Another phenomenon that is driving the explosion of data is the use of social media. Businesses are already looking at ways to build sentiment analysis applications to analyze social conversations and in that process are starting to capture social content on a regular basis.

Business Intelligence (BI) tool evolution – shiny new tools are tempting

BI tools have come a long way. Traditional BI tools were extremely good at tracking raw transactional numbers like sales figures and profit margins but failed to adequately address the root causes, or drivers, of trends in those numbers. Moreover, they were typically able to tell what happened (backward reporting) – but not explain why (unless it was evident in some other numeric data) let alone alert the business as a change emerges. The tools were complicated to deploy and operate. Users wanted self-service BI.

Over time, BI tools have evolved to support features like auto-modeling techniques, rich visualizations, metrics and auto-calculations on the fly as well as “What if” analysis. Tools now boast new in-memory technologies to enable users to quickly port data sets into memory to crank out insights quickly, thus enabling self-service BI.

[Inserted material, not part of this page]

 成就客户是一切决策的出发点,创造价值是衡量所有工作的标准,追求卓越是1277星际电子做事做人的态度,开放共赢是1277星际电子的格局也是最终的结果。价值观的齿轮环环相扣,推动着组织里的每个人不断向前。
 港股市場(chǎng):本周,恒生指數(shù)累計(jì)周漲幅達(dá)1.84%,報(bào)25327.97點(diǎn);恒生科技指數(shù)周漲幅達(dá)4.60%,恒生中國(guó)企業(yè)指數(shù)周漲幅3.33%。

End user evolution – we change, we demand more, we want it faster

The user dynamics are changing from IT controlled to end-user driven self-service led analytics. (In this time of the i-everything, BI users demand iBI – the easy, cheap and fast magic answer box.)

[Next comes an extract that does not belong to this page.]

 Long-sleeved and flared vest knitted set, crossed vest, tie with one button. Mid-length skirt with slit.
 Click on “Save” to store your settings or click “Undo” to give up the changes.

Traditionally IT managers were responsible for adopting the right reporting tools and giving the end-users access to consume the reports. Typically in an organization 80% of the people were consumers of data1 while the remaining 20% were actually creators of ad-hoc reports and custom dashboards. That model worked for a while but the balance of information consumers and information creator s shifted significantly. The effects of this shift manifest themselves differently for enterprises and SMB’s.

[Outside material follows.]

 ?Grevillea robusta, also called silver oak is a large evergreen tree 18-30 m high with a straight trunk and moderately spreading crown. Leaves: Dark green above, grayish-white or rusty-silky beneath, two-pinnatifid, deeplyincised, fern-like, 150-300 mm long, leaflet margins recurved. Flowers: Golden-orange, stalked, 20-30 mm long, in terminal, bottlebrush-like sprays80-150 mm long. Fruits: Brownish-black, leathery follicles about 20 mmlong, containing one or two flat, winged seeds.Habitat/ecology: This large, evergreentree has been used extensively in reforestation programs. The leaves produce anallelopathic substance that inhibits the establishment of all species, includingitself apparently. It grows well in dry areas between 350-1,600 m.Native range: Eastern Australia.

Most SMB customers fall in the category of casual data access using simple tools like Excel for their day-to-day analyses and are in dire need of self-service BI tools to help them migrate to the next level of analytics maturity. Typical SMB customers are characterized by limited IT resources and budgetary constraints which is driving them to the use of these easy to use and faster to deploy self-service tools.

Departmental IT’s within traditional enterprises are responsible for disrupting the BI ecosystem already put in place by corporate IT. The complexity and inertia of the current BI situation for end users has led to an increasing need for Self-service enabled BI tools. Users simply demand the democratization of the BI tools to gain quick and meaningful insights.

Changing IT demands – they want to help us. Really!

Democratization of BI is a thorn in the side of IT. Per IDC Digital Universe study (2011) the amount of data being stored is more than doubling every two years, and could grow by 50X by 2020 while IT staff is estimated to grow at 1.5X only! This shocking statistic in itself should be a cause of concern for today’s IT managers. Thus in addition to designing the next generation data architectures, IT managers will also need to make sure that they can disseminate this information to the business users in a easily digestible manner.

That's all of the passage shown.